After locating the line that contains "2-4回到GameGuardian修改器內,重複一次按放大鏡並且搜尋955", transcribe exactly that line and each one after it until the data ends, skipping pictures.

• SOURCE DATA:
____________

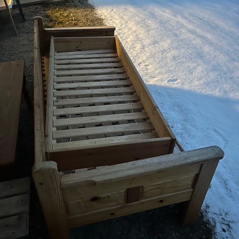 Puinen levitettävä sohva hyvällä säilytystilalla. Patjaa ei valitettavasti ole mukaan.
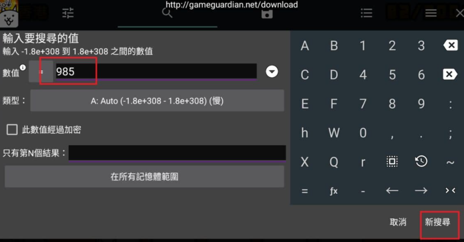 2-4回到GameGuardian修改器內,重複一次按放大鏡並且搜尋955
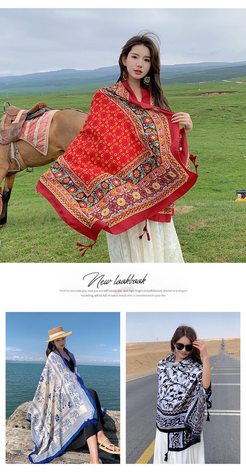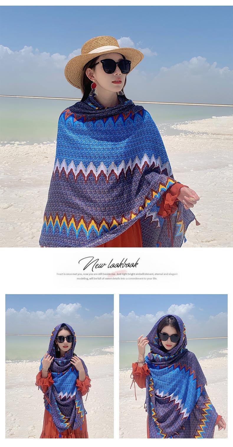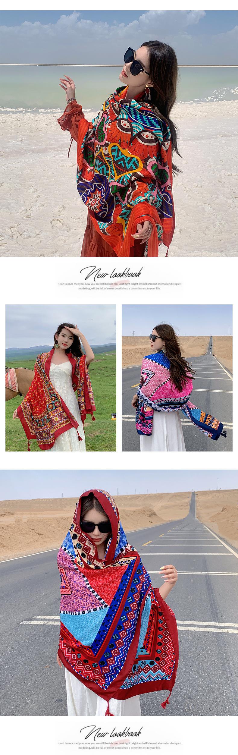 Chal grande de estilo étnico para mujer, bufanda fina de algodón y lino para fotografía de viaje por Xizang, bufanda protectora solar para el desierto de Dunhuang, toalla de playa
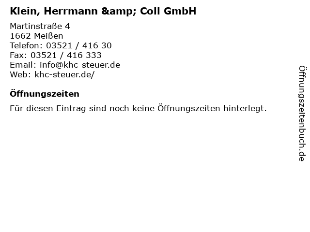 | Öffnungszeiten Klein, Herrmann & Coll GmbH in Meißen anzeigen | |
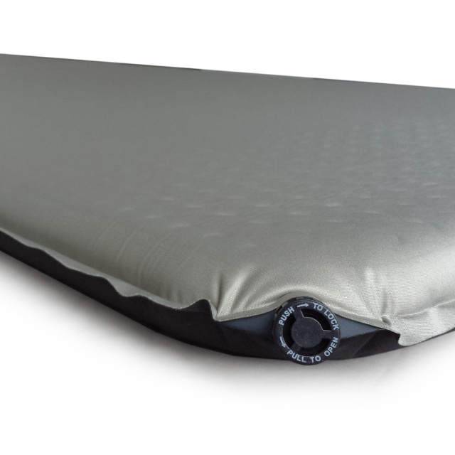 - Большой двусторонний клапан с фиксатором позволяет быстро надувать и сдувать коврик.

____________

• COMPLETED TASK:
 2-4回到GameGuardian修改器內,重複一次按放大鏡並且搜尋955
 Chal grande de estilo étnico para mujer, bufanda fina de algodón y lino para fotografía de viaje por Xizang, bufanda protectora solar para el desierto de Dunhuang, toalla de playa
 | Öffnungszeiten Klein, Herrmann & Coll GmbH in Meißen anzeigen | |
 - Большой двусторонний клапан с фиксатором позволяет быстро надувать и сдувать коврик.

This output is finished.